Aerobic capacity; Measurement; Mask; Methods; Testing
Measurement of VO2 is an important component of exercise physiology. Accurate collection of expired gases is essential in testing. The mouthpiece, nose clip, and headgear (MNH) has been the standard for collecting data during VO2 testing for several years. This method minimizes undetectable leakage, but discomfort, loss of communication with the subject, and the overall awkwardness of the headgear [1] contribute to making the MNH undesirable. The MNH prevents subjects from breathing through their nose, which is how most subjects prefer to breathe during exercise [2]. Gas collection masks (MASK) are an alternative to the MNH that allow for improved communication and increased comfort, but leakage is usually detectable. The MASK is at times difficult to seal tightly.
The purpose of this study was to compare physiological data collection methods of gas measurement with the MNH and with the MASK, to see if the MASK is as efficient enough to replace the MNH in exercise testing. In this study, determining what point MASK leakage is significant enough to negate the use of the MASK is the main objective.
Thirty-two college-aged males and females (between the ages of 18- 26 years) made up the population from which subjects were selected. None of the subjects were highly trained or competing as athletes, but all were physically active. Informed consent was obtained from each subject prior to testing. Mean subject physical characteristics are listed in the table 1.
Testing protocol
Each subject completed two identical tests for aerobic capacity, each on different days. During the first exercise session, subjects used the air cushion mask, (Vacumed, Ventura, California). During the second test the subject used the mouthpiece and nose clip (Vacumed #1001, Ventura, California). They performed maximal exercise on a Quinton Q55xt series treadmill (Seattle, Washington), at a speed chosen by the subject, with the grade of the treadmill being increased by 2% with every 2-minute interval. All tests were performed using Vista Mini CPX testing system and software (Vacumed, Ventura, California). The machine was calibrated between each test. Ventilation volume (Ve), oxygen consumption (VO2), and respiratory exchange ratio (RER), were obtained with the Vacuumed system. Heart rate (HR) was obtained by use of a Polar heart rate monitor (Stamford, Connecticut). Rate of perceived exertion (Borg’s RPE scale) was also recorded every two minutes. Subjects exercised to maximal exertion. Each subject completed at least 4 stages of 2 minutes each. Tests were separated by one week, and were counterbalanced.

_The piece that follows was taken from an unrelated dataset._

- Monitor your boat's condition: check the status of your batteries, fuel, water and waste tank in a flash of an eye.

Maximal and submaximal values for Ve, VO2, HR, and RER were compared for both methods of collection. Means and standard deviations for maximal performance values are listed in table 2. Table 3 shows the average values for each physiological measure taken, at each stage of measurement.
The most considerable difference detected in the MNH vs. MASK was with one subject who varied with VO2 max from 51.85 (ml/kg/ min) with the mask test to 67.49 (ml/kg/min) for the MNH test. This subject reported outward leakage from the mask. A tight seal could not be obtained. The submaximal data did not show a distinction in values for the MNH vs. MASK for this subject.

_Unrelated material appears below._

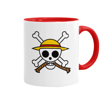 Onepiece skull, Κούπα χρωματιστή κόκκινη, κεραμική, 330ml

The submaximal and maximal data for VO2 (using each apparatus) was compared. There is a small, insignificant difference in values for stages 1-3. Data was analyzed using t-tests, with significance set at the p<0.05 level. Stage 4 and 5 show larger, significant differences (p=0.04, p=0.02) in VO2 values. A significant difference (p<0.05) between MNH and MASK for stage 5 (or maximal exercise) was observed. There were no significant differences found between males and females, for each variable, for each testing condition.
The MNH has been the preferred method for collecting expired gases in testing aerobic capacity for several years [3]. Gas collection masks of varying material have been released over the past ten years, yet they have been unpopular due to the belief that it is impossible to obtain accurate data because the MASK cannot be properly sealed, and gas will escape. Some people can detect that a mask is leaking while they are being tested. Although some studies have found the MASK to obtain data very similar to the MNH [1,2], cases have been reported where data is skewed because either the MASK or MNH appeared to affect running style or economy [3]. This could be one cause of MASK leakage, so questions about the accuracy of the MASK remain, although anecdotal evidence in various studies points to increased discomfort and difficulty breathing reported in subjects wearing the MNH [1-4].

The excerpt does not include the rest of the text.